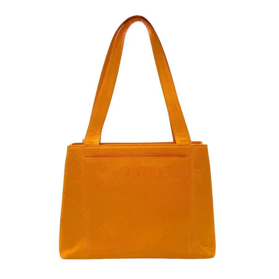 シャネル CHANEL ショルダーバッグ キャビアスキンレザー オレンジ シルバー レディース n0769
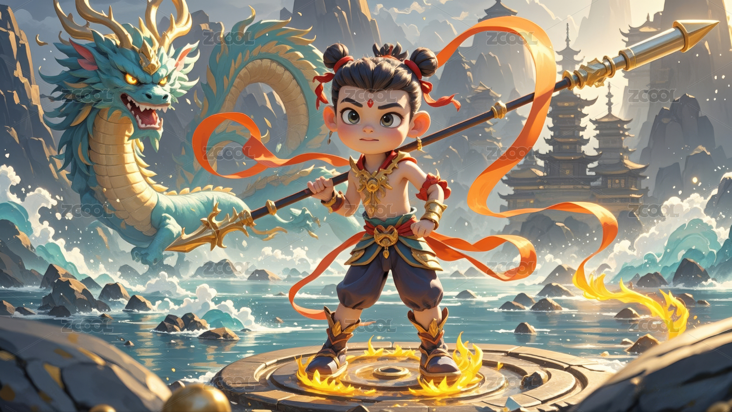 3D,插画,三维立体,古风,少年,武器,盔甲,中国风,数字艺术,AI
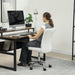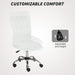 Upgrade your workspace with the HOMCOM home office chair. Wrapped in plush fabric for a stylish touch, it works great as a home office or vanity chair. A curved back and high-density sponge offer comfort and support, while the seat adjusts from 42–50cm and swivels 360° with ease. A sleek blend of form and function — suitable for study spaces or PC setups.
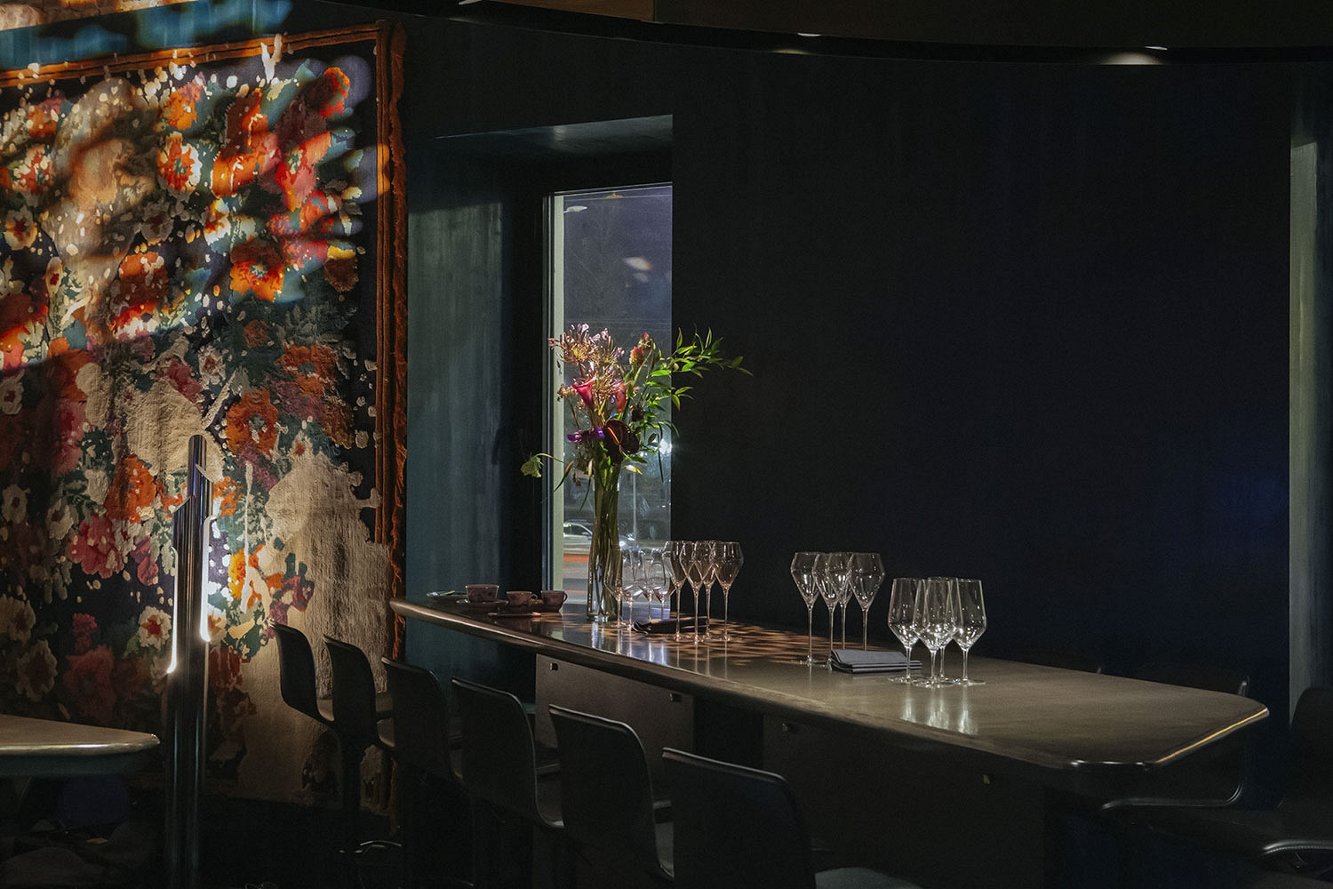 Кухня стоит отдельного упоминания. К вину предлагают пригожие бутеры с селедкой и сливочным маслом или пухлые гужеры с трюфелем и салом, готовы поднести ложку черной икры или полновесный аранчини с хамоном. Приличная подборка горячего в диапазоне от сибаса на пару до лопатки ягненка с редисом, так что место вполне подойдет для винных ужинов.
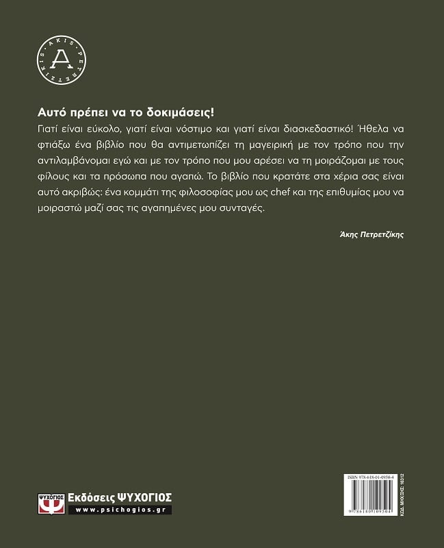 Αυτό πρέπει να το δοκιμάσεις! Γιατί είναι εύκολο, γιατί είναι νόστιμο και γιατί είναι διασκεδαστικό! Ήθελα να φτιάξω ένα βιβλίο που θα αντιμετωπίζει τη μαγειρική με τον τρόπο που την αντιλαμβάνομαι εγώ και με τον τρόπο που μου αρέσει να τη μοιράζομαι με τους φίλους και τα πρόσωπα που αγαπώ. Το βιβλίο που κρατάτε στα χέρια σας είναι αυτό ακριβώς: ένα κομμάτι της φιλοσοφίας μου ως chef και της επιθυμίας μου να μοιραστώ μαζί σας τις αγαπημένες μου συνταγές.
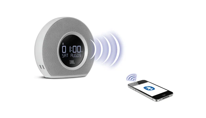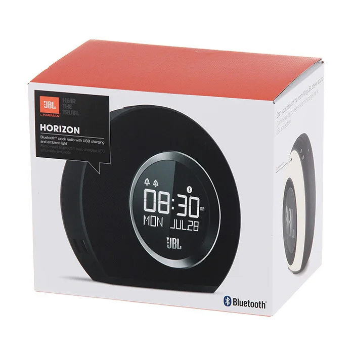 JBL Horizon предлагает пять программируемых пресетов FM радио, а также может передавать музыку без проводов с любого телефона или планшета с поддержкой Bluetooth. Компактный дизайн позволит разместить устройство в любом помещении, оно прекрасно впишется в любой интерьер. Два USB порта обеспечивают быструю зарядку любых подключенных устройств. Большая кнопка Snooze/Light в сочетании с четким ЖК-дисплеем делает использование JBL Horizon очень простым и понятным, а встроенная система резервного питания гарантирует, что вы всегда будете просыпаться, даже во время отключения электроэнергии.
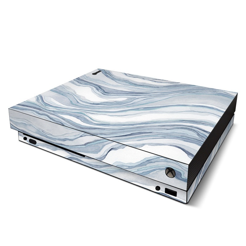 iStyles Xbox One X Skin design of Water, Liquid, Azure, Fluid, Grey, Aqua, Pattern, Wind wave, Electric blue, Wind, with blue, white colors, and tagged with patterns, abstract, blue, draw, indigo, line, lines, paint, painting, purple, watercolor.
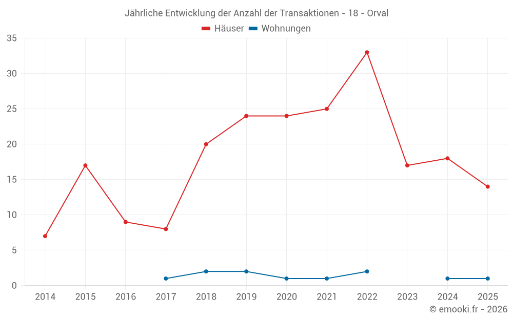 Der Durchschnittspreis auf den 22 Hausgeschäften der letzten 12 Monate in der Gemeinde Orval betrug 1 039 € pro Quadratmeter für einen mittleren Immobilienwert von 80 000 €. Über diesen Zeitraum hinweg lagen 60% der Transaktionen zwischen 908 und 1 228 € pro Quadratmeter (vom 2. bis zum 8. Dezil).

* * * *

_Directions_
Wherever an image appears, omit it, and retype everything else in the entries exactly.

_Answer_
 シャネル CHANEL ショルダーバッグ キャビアスキンレザー オレンジ シルバー レディース n0769
 3D,插画,三维立体,古风,少年,武器,盔甲,中国风,数字艺术,AI
 Upgrade your workspace with the HOMCOM home office chair. Wrapped in plush fabric for a stylish touch, it works great as a home office or vanity chair. A curved back and high-density sponge offer comfort and support, while the seat adjusts from 42–50cm and swivels 360° with ease. A sleek blend of form and function — suitable for study spaces or PC setups.
 Кухня стоит отдельного упоминания. К вину предлагают пригожие бутеры с селедкой и сливочным маслом или пухлые гужеры с трюфелем и салом, готовы поднести ложку черной икры или полновесный аранчини с хамоном. Приличная подборка горячего в диапазоне от сибаса на пару до лопатки ягненка с редисом, так что место вполне подойдет для винных ужинов.
 Αυτό πρέπει να το δοκιμάσεις! Γιατί είναι εύκολο, γιατί είναι νόστιμο και γιατί είναι διασκεδαστικό! Ήθελα να φτιάξω ένα βιβλίο που θα αντιμετωπίζει τη μαγειρική με τον τρόπο που την αντιλαμβάνομαι εγώ και με τον τρόπο που μου αρέσει να τη μοιράζομαι με τους φίλους και τα πρόσωπα που αγαπώ. Το βιβλίο που κρατάτε στα χέρια σας είναι αυτό ακριβώς: ένα κομμάτι της φιλοσοφίας μου ως chef και της επιθυμίας μου να μοιραστώ μαζί σας τις αγαπημένες μου συνταγές.
 JBL Horizon предлагает пять программируемых пресетов FM радио, а также может передавать музыку без проводов с любого телефона или планшета с поддержкой Bluetooth. Компактный дизайн позволит разместить устройство в любом помещении, оно прекрасно впишется в любой интерьер. Два USB порта обеспечивают быструю зарядку любых подключенных устройств. Большая кнопка Snooze/Light в сочетании с четким ЖК-дисплеем делает использование JBL Horizon очень простым и понятным, а встроенная система резервного питания гарантирует, что вы всегда будете просыпаться, даже во время отключения электроэнергии.
 iStyles Xbox One X Skin design of Water, Liquid, Azure, Fluid, Grey, Aqua, Pattern, Wind wave, Electric blue, Wind, with blue, white colors, and tagged with patterns, abstract, blue, draw, indigo, line, lines, paint, painting, purple, watercolor.
 Der Durchschnittspreis auf den 22 Hausgeschäften der letzten 12 Monate in der Gemeinde Orval betrug 1 039 € pro Quadratmeter für einen mittleren Immobilienwert von 80 000 €. Über diesen Zeitraum hinweg lagen 60% der Transaktionen zwischen 908 und 1 228 € pro Quadratmeter (vom 2. bis zum 8. Dezil).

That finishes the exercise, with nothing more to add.